- Kenapa Rakyat Venezuela Merayakan Penangkapan Presiden Maduro oleh AS? 1. Harapan Perubahan Setelah Bertahun-tahun Krisis 2. Euforia Diaspora Venezuela di Berbagai Negara 3. Luka Panjang Eksodus dan Represi
- Ketakutan Akan Kekerasan dan Kekuasaan yang Masih Bertahan
- Antara Lega dan Ragu terhadap Peran AS
Penangkapan Presiden Venezuela Nicolás Maduro oleh Amerika Serikat pada Sabtu 3 Januari 2025, memicu reaksi yang tidak biasa.

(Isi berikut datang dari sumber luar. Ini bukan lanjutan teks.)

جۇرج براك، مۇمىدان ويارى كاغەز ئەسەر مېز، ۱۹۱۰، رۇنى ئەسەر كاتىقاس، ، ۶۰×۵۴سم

Alih-alih duka atau kemarahan, sebagian rakyat Venezuela justru merayakannya, baik di dalam negeri maupun di luar negeri.

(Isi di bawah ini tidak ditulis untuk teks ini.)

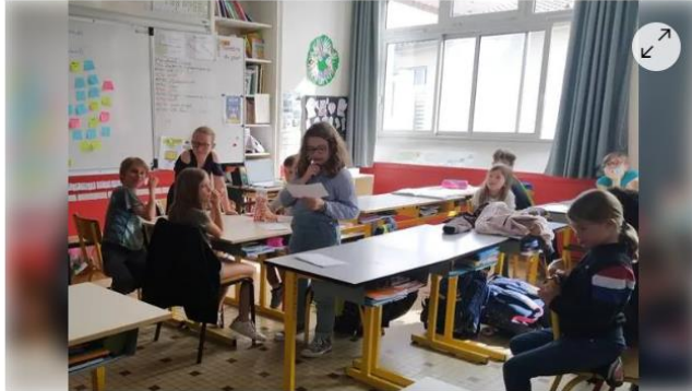
Les enfants ont pris leur travail très au sérieux. |

Respons ini tidak muncul tanpa sebab. Di balik sorak-sorai diaspora dan reaksi hati-hati warga di Caracas, tersimpan akumulasi krisis ekonomi, represi politik, dan eksodus jutaan warga yang berlangsung lebih dari satu dekade.
Perayaan tersebut bukan sekadar soal satu tokoh yang ditangkap. Ada alasan lebih kompleks yang membuat momen ini dipandang sebagai titik balik, meski penuh ketidakpastian dan risiko. Mari kita cari tahu, detikers!
SCROLL TO CONTINUE WITH CONTENT
Poin utamanya:
- Penangkapan Maduro dipandang sebagai simbol harapan setelah krisis berkepanjangan
- Diaspora Venezuela merayakan secara terbuka, sementara warga dalam negeri cenderung berhati-hati
- Rasa lega bercampur dengan kekhawatiran soal kekerasan dan kelanjutan kekuasaan loyalis
Kenapa Rakyat Venezuela Merayakan Penangkapan Presiden Maduro oleh AS?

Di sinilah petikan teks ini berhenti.